DATA BLOCK:
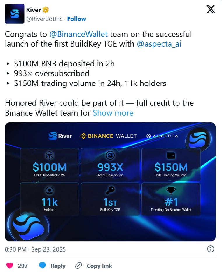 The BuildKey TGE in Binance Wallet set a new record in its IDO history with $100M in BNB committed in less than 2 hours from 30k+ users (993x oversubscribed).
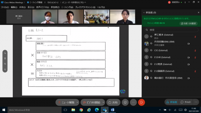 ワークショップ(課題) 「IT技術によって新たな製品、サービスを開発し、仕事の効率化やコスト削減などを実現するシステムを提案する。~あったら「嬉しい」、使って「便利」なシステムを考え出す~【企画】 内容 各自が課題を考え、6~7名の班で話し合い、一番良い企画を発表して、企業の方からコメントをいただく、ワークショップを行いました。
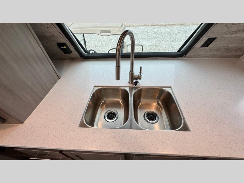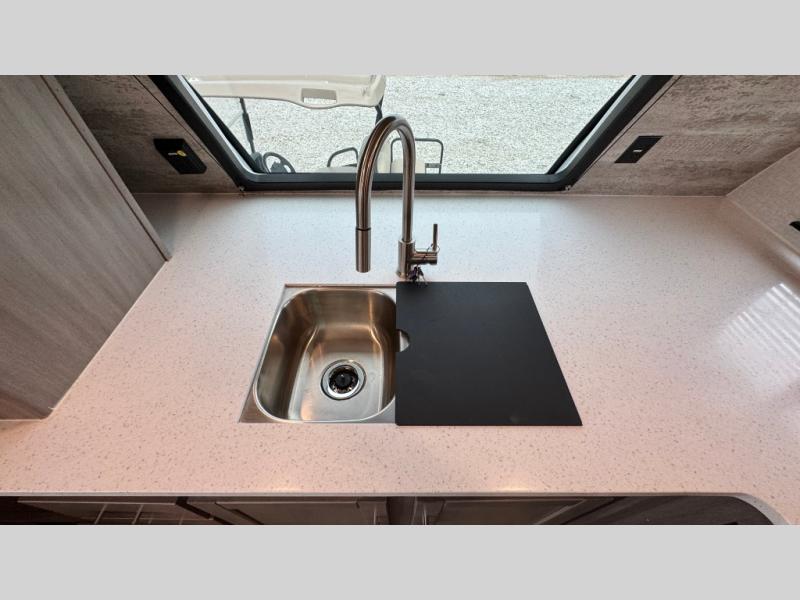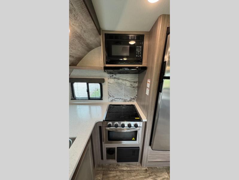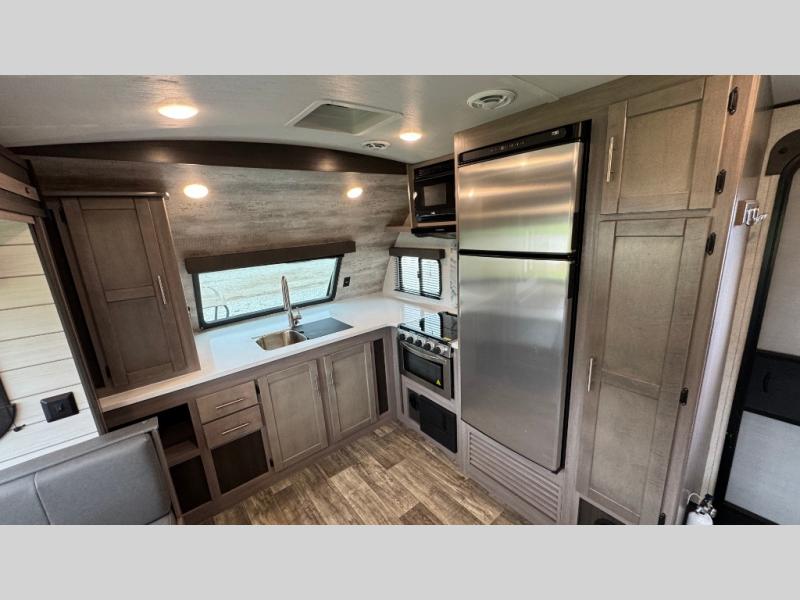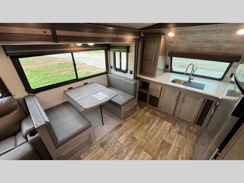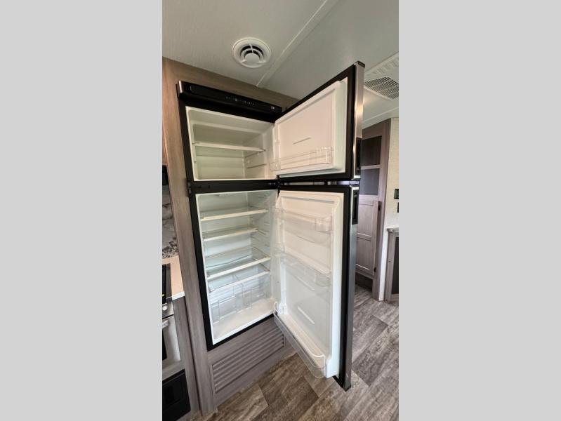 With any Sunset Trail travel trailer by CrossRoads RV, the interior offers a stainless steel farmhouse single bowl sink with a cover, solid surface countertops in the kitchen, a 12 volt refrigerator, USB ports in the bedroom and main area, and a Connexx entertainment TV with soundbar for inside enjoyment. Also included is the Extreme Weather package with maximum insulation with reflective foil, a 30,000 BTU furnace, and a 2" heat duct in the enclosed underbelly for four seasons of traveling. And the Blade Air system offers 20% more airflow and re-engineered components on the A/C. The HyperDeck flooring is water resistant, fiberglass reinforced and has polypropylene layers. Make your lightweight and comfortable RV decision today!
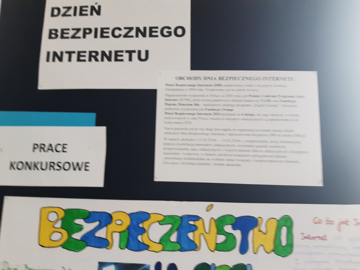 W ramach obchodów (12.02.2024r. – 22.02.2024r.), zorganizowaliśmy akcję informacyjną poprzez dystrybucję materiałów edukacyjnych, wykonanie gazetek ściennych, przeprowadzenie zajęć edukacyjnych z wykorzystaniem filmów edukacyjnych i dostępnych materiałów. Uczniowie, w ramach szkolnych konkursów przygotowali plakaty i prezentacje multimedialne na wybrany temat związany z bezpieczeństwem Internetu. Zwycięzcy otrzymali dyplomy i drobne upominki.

WHAT IS EXPECTED:
Apart from the pictures, all of the data must be duplicated exactly as shown above.

PROBLEM SOLUTION:
 The BuildKey TGE in Binance Wallet set a new record in its IDO history with $100M in BNB committed in less than 2 hours from 30k+ users (993x oversubscribed).
 ワークショップ(課題) 「IT技術によって新たな製品、サービスを開発し、仕事の効率化やコスト削減などを実現するシステムを提案する。~あったら「嬉しい」、使って「便利」なシステムを考え出す~【企画】 内容 各自が課題を考え、6~7名の班で話し合い、一番良い企画を発表して、企業の方からコメントをいただく、ワークショップを行いました。
 With any Sunset Trail travel trailer by CrossRoads RV, the interior offers a stainless steel farmhouse single bowl sink with a cover, solid surface countertops in the kitchen, a 12 volt refrigerator, USB ports in the bedroom and main area, and a Connexx entertainment TV with soundbar for inside enjoyment. Also included is the Extreme Weather package with maximum insulation with reflective foil, a 30,000 BTU furnace, and a 2" heat duct in the enclosed underbelly for four seasons of traveling. And the Blade Air system offers 20% more airflow and re-engineered components on the A/C. The HyperDeck flooring is water resistant, fiberglass reinforced and has polypropylene layers. Make your lightweight and comfortable RV decision today!
 W ramach obchodów (12.02.2024r. – 22.02.2024r.), zorganizowaliśmy akcję informacyjną poprzez dystrybucję materiałów edukacyjnych, wykonanie gazetek ściennych, przeprowadzenie zajęć edukacyjnych z wykorzystaniem filmów edukacyjnych i dostępnych materiałów. Uczniowie, w ramach szkolnych konkursów przygotowali plakaty i prezentacje multimedialne na wybrany temat związany z bezpieczeństwem Internetu. Zwycięzcy otrzymali dyplomy i drobne upominki.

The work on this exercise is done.